── Dataset records

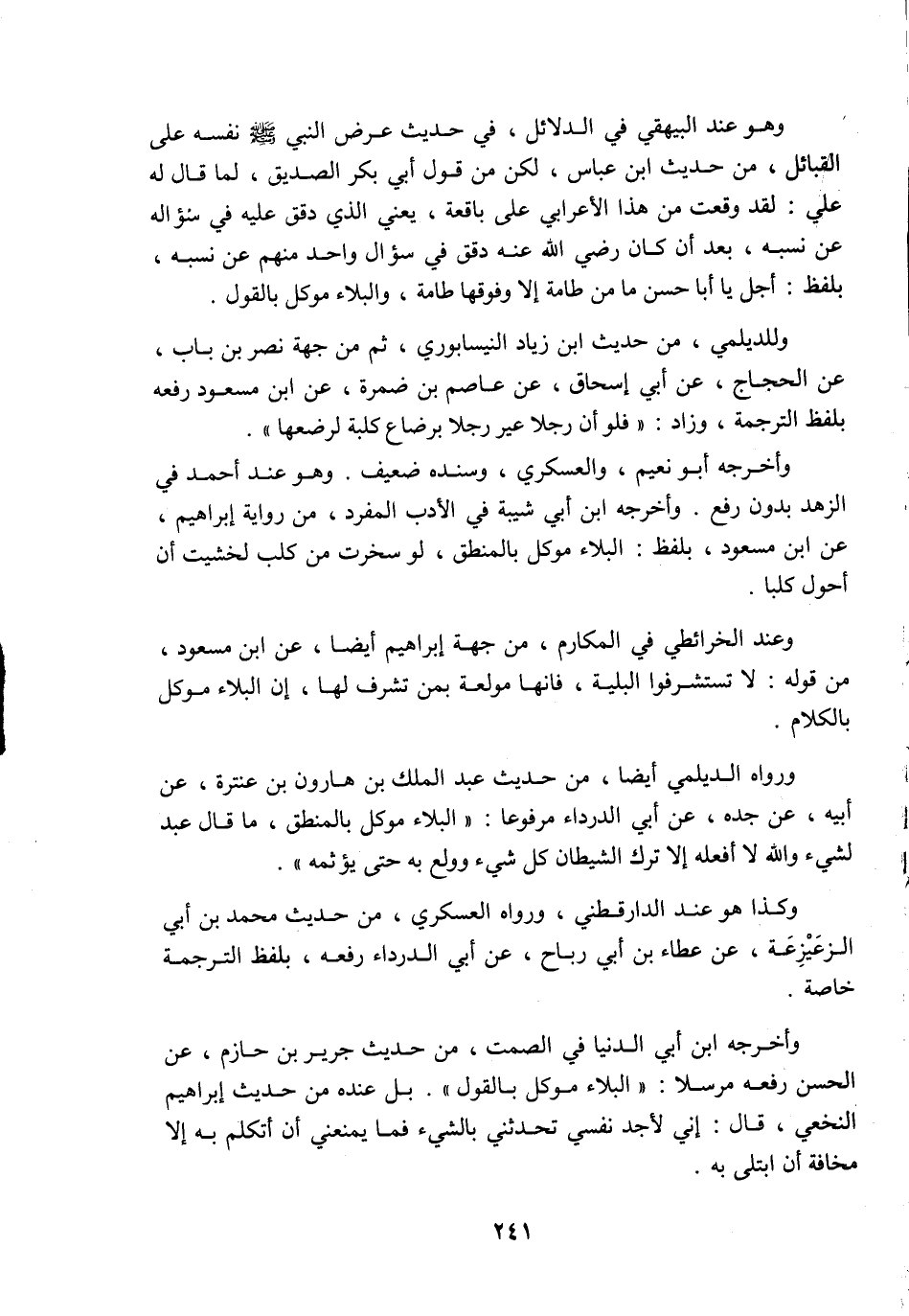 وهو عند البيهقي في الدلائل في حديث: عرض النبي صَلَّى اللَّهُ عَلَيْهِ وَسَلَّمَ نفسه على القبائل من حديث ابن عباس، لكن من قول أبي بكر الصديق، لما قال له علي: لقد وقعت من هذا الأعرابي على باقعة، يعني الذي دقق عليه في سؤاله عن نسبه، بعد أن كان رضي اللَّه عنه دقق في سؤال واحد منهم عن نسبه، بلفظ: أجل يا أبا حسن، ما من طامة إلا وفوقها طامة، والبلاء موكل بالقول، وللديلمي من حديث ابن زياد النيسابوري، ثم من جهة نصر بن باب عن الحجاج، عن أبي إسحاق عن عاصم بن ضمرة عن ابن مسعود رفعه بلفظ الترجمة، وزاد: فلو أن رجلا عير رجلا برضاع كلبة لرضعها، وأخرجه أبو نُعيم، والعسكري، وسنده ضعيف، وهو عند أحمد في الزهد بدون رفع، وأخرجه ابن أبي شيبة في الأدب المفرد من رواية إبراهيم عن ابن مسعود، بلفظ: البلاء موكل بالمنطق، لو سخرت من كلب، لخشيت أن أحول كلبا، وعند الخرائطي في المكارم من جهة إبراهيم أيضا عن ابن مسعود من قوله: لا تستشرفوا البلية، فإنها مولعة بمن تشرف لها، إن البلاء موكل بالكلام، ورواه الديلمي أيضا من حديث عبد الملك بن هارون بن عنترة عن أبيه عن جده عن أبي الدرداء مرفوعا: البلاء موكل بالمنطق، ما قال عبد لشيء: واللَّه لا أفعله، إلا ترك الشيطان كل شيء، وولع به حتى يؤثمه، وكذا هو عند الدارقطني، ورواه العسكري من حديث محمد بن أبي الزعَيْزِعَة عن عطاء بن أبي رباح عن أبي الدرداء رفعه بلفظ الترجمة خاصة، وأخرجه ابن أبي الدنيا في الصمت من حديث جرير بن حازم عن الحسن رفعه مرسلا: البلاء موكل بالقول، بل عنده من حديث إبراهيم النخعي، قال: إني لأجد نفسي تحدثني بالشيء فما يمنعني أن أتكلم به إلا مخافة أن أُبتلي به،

────
── Dataset records

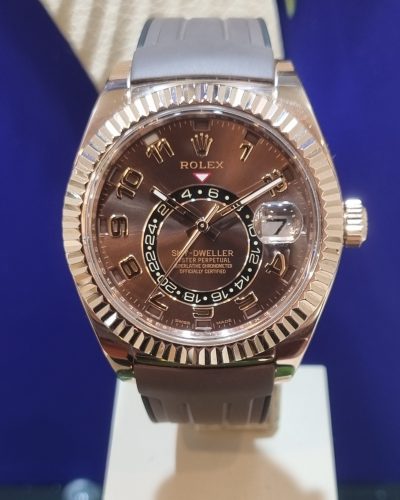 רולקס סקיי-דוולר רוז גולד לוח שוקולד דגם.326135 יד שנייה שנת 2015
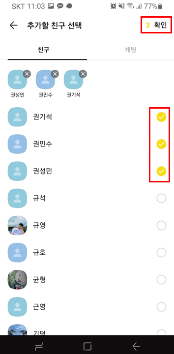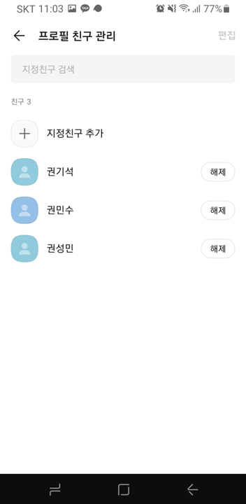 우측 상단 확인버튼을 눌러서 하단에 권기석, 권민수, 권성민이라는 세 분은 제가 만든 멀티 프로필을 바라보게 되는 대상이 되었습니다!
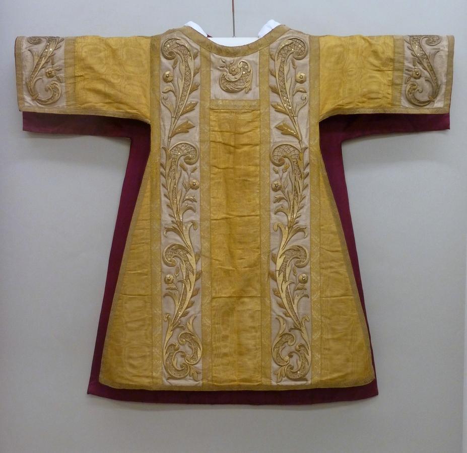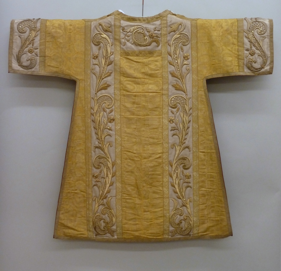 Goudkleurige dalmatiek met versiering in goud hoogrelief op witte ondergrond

────

What the task asks
Going by the entries above, repeat exactly the lines that start at the line with "우측 상단 확인버튼을" and go on through the line with "Goudkleurige dalmatiek met". Pictures are not part of the copy.

Result of the exercise
 우측 상단 확인버튼을 눌러서 하단에 권기석, 권민수, 권성민이라는 세 분은 제가 만든 멀티 프로필을 바라보게 되는 대상이 되었습니다!
 Goudkleurige dalmatiek met versiering in goud hoogrelief op witte ondergrond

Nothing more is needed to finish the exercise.